■ WORK TO BE COMPLETED ■
Would you please repeat exactly the entries below, starting at the line with "مصباح ليد مقاوم" and ending at the line with "Isolaat van plantaardige", and nothing outside that range? Leave out the pictures.

■ GIVEN DATA ■
'''

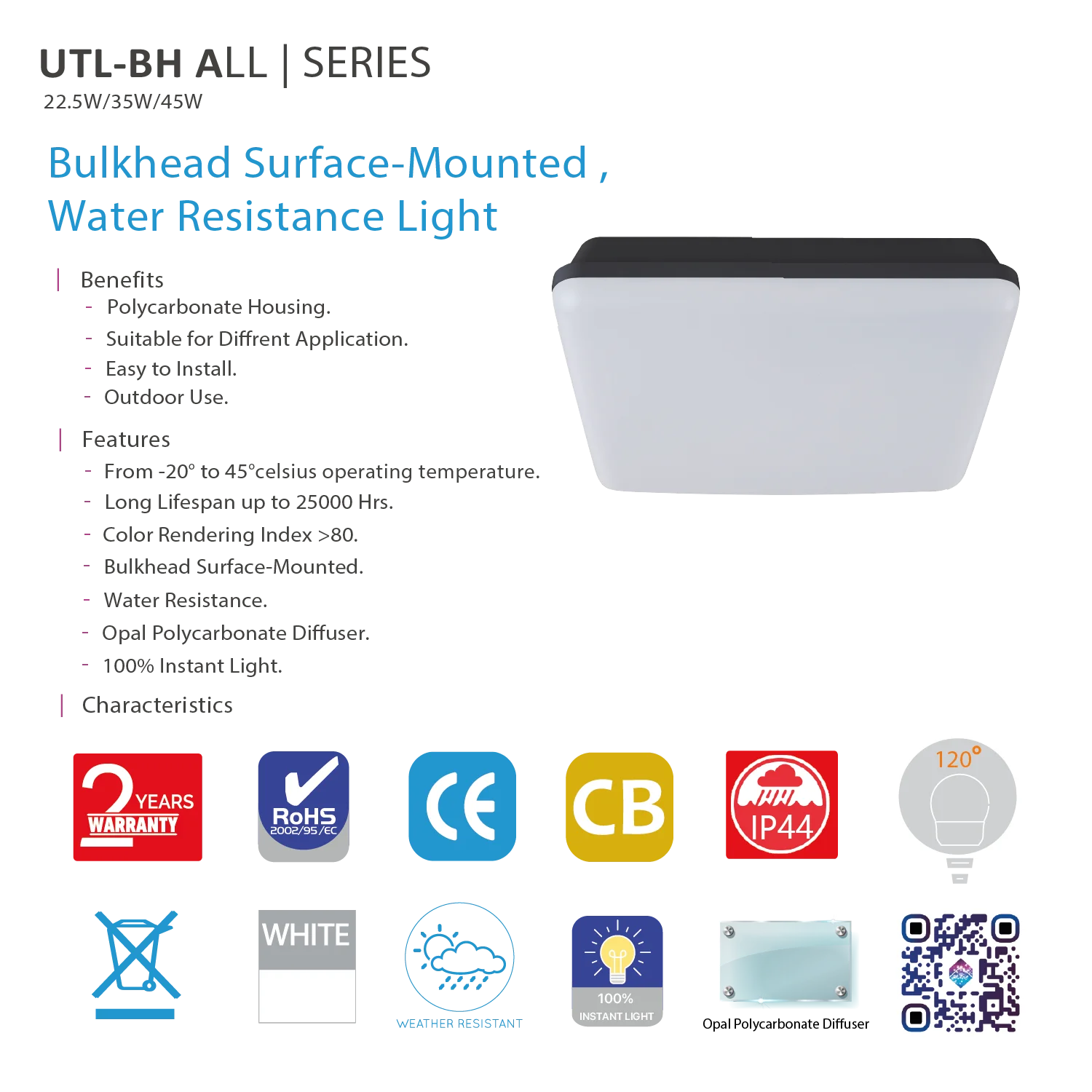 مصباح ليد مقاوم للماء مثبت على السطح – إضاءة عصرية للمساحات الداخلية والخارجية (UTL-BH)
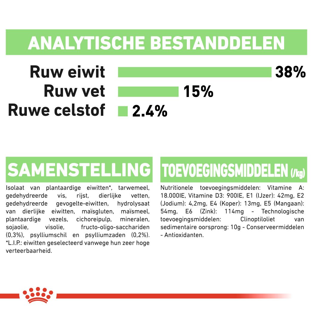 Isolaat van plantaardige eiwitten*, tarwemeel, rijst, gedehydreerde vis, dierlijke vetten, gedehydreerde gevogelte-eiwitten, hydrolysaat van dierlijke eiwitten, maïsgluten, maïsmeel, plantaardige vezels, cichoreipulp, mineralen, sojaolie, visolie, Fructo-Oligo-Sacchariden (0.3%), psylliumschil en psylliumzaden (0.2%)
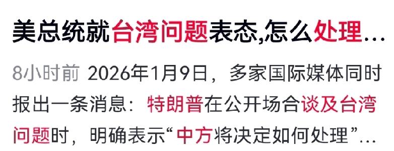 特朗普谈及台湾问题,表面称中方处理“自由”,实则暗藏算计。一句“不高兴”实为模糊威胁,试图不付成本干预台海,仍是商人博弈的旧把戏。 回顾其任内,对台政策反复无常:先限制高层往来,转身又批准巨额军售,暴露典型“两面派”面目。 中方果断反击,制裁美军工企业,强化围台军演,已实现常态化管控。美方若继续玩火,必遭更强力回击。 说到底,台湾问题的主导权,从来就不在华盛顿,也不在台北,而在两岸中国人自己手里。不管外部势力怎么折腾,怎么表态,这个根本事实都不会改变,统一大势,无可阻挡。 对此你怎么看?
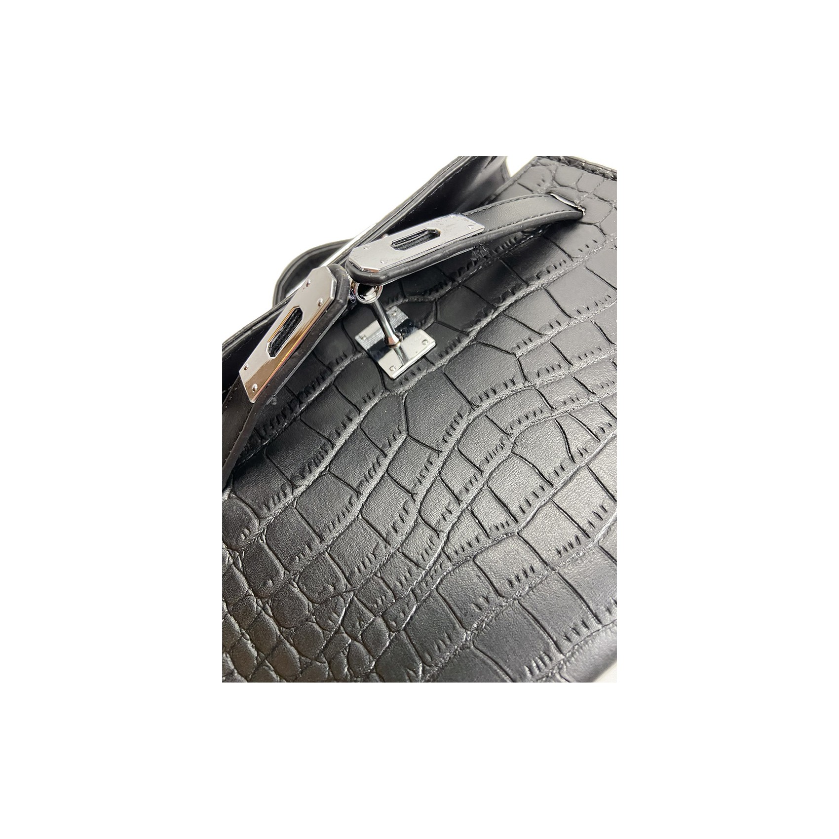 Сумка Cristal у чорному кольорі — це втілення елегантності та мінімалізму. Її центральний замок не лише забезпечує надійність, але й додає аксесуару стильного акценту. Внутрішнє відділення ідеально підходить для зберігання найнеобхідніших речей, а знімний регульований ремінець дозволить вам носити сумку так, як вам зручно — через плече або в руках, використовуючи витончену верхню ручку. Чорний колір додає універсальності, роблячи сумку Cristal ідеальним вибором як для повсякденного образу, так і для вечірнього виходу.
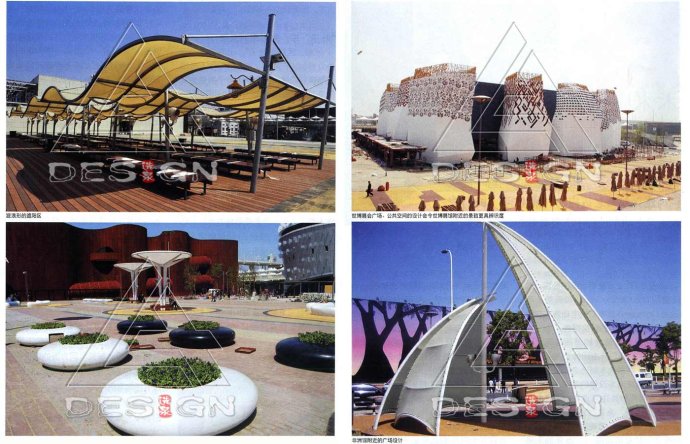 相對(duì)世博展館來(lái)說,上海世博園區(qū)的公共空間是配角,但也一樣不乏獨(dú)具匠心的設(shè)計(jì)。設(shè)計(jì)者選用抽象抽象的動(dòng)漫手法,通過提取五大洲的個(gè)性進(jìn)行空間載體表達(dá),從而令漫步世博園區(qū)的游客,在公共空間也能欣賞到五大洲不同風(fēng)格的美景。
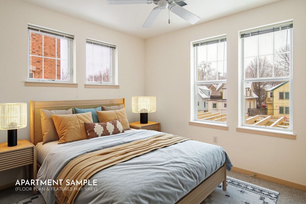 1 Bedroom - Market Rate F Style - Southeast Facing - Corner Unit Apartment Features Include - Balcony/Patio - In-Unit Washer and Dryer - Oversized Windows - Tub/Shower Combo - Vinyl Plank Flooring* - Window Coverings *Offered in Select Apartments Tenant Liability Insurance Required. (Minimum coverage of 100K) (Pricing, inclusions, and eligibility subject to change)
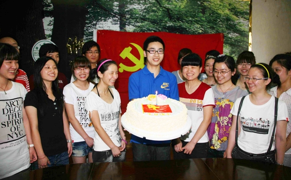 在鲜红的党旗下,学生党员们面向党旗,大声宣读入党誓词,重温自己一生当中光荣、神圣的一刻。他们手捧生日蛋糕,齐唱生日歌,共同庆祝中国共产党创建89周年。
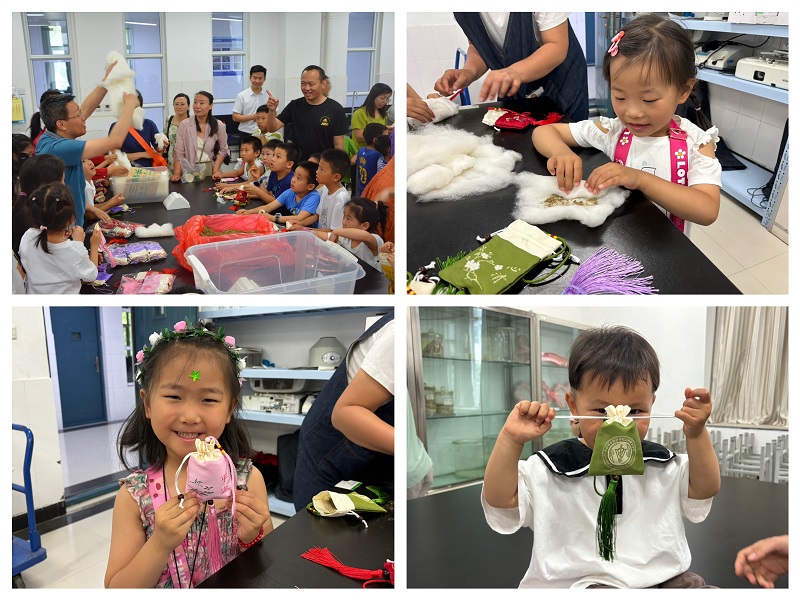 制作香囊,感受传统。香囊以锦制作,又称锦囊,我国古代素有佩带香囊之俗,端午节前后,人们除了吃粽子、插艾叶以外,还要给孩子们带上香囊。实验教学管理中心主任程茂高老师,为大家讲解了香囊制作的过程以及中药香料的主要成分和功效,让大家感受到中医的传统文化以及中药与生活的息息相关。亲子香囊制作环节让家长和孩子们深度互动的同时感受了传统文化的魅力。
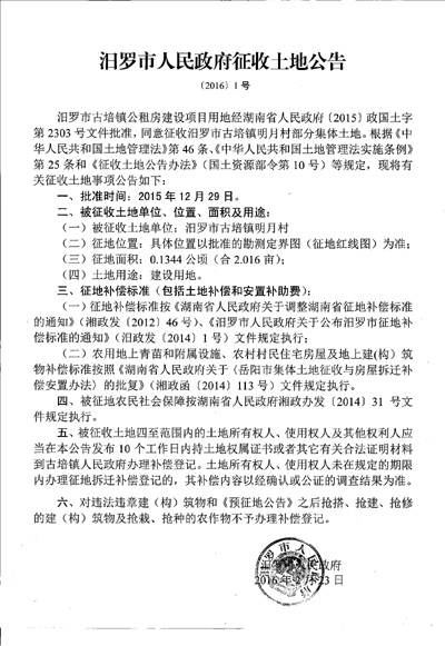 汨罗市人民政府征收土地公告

'''
'''

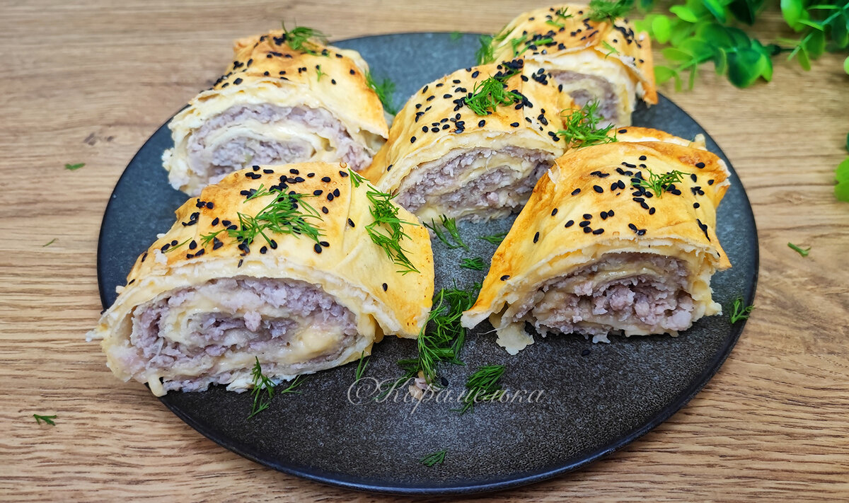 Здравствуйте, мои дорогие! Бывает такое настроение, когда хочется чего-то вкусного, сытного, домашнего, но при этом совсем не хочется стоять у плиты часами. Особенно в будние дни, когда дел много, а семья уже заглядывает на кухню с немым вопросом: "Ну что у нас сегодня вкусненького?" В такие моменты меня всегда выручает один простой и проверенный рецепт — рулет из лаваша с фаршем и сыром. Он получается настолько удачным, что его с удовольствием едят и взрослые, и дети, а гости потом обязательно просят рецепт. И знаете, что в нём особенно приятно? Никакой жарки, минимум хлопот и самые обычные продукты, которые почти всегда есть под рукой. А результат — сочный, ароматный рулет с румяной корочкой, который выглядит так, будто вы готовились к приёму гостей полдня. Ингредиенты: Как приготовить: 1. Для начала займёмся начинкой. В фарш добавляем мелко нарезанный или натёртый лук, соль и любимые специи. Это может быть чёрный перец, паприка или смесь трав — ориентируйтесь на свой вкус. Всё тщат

'''
'''

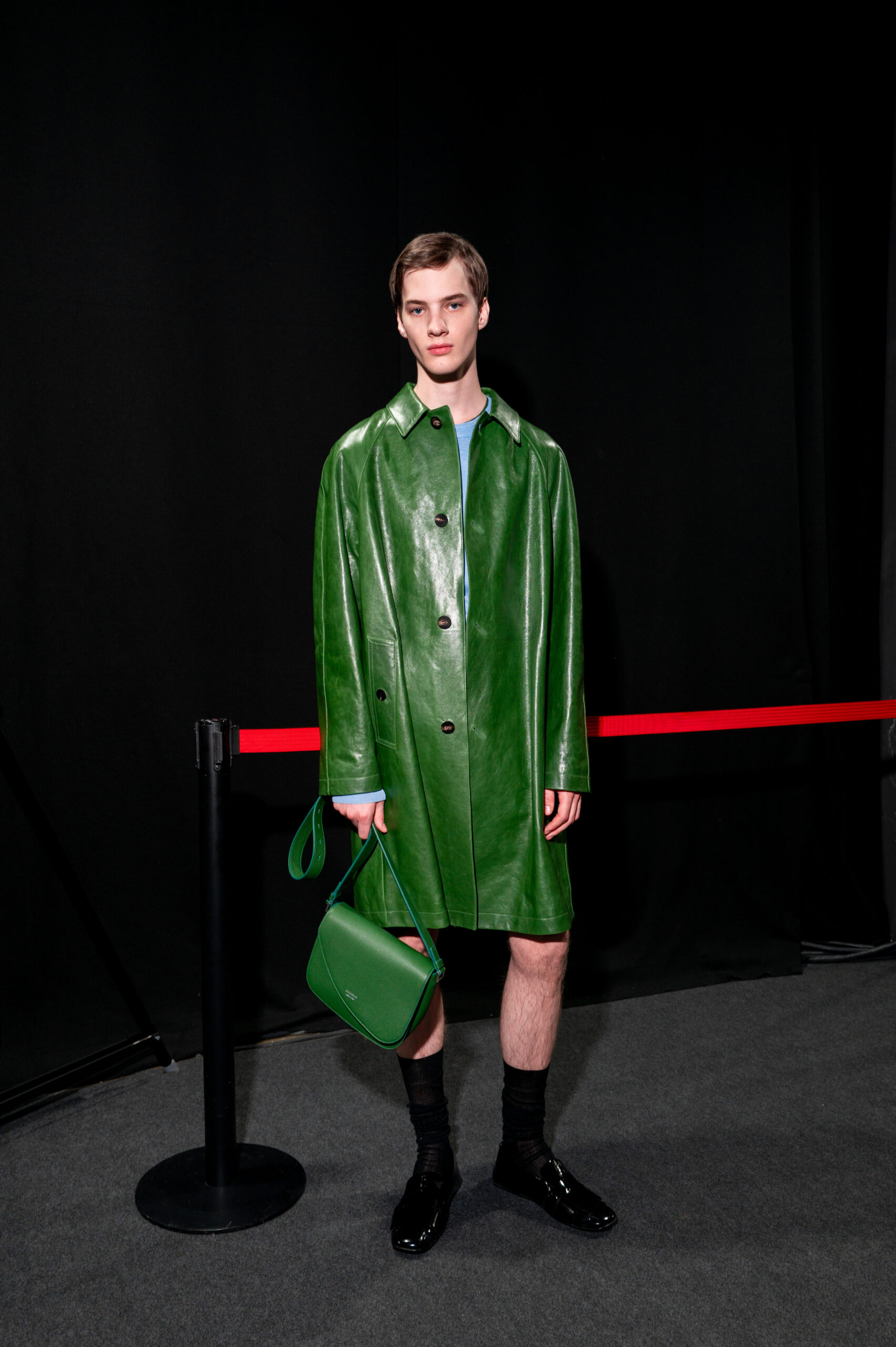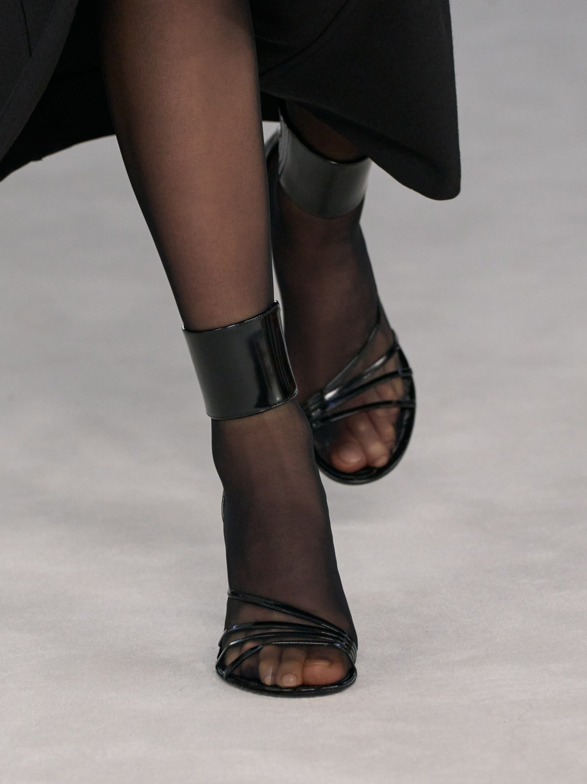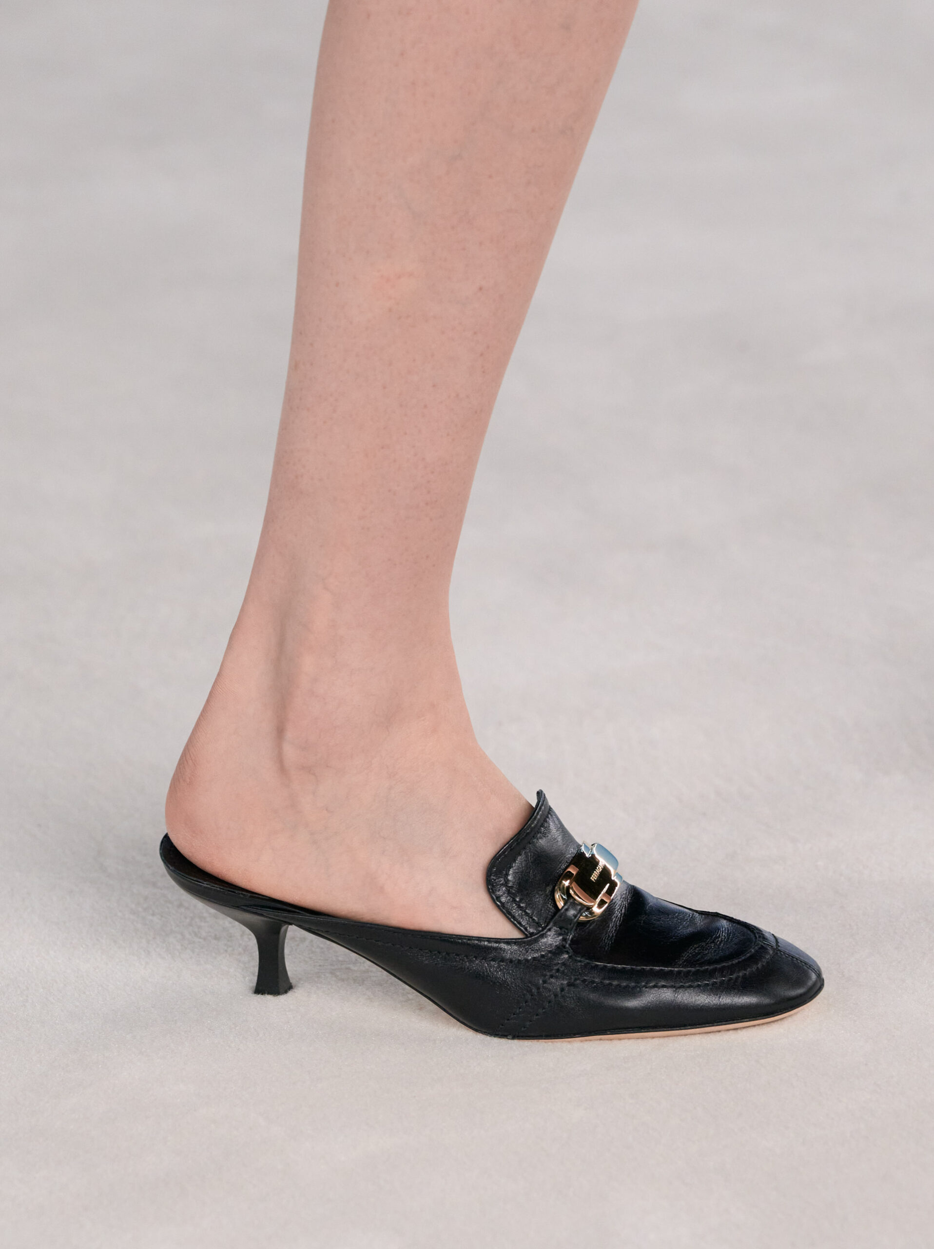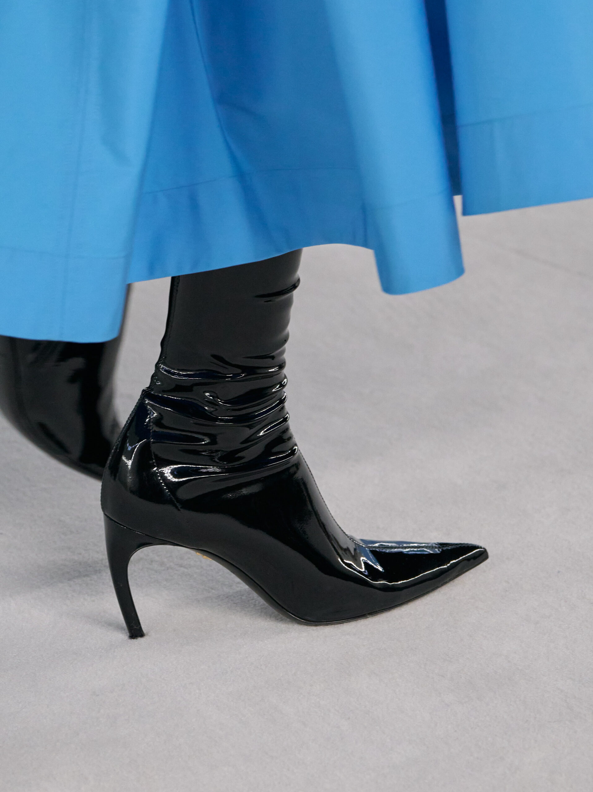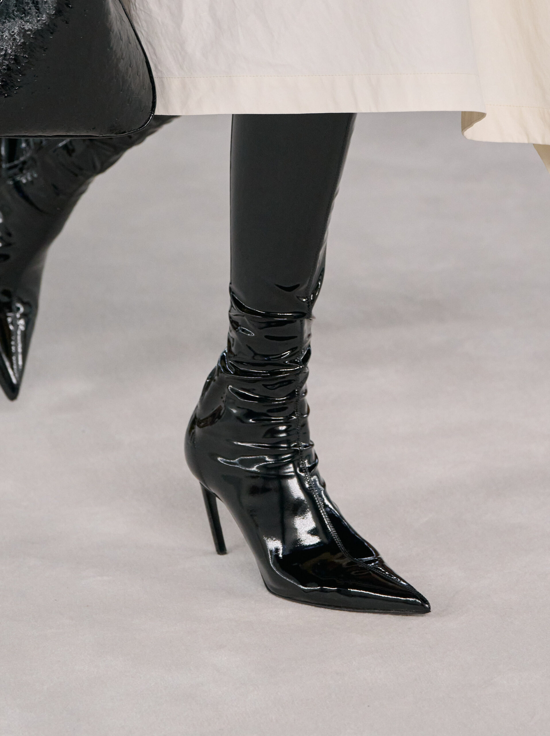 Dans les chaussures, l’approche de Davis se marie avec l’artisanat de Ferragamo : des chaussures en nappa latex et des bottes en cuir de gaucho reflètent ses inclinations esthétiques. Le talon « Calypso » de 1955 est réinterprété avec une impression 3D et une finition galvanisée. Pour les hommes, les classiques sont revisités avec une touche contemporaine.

'''

■ REPLY ■
 مصباح ليد مقاوم للماء مثبت على السطح – إضاءة عصرية للمساحات الداخلية والخارجية (UTL-BH)
 Isolaat van plantaardige eiwitten*, tarwemeel, rijst, gedehydreerde vis, dierlijke vetten, gedehydreerde gevogelte-eiwitten, hydrolysaat van dierlijke eiwitten, maïsgluten, maïsmeel, plantaardige vezels, cichoreipulp, mineralen, sojaolie, visolie, Fructo-Oligo-Sacchariden (0.3%), psylliumschil en psylliumzaden (0.2%)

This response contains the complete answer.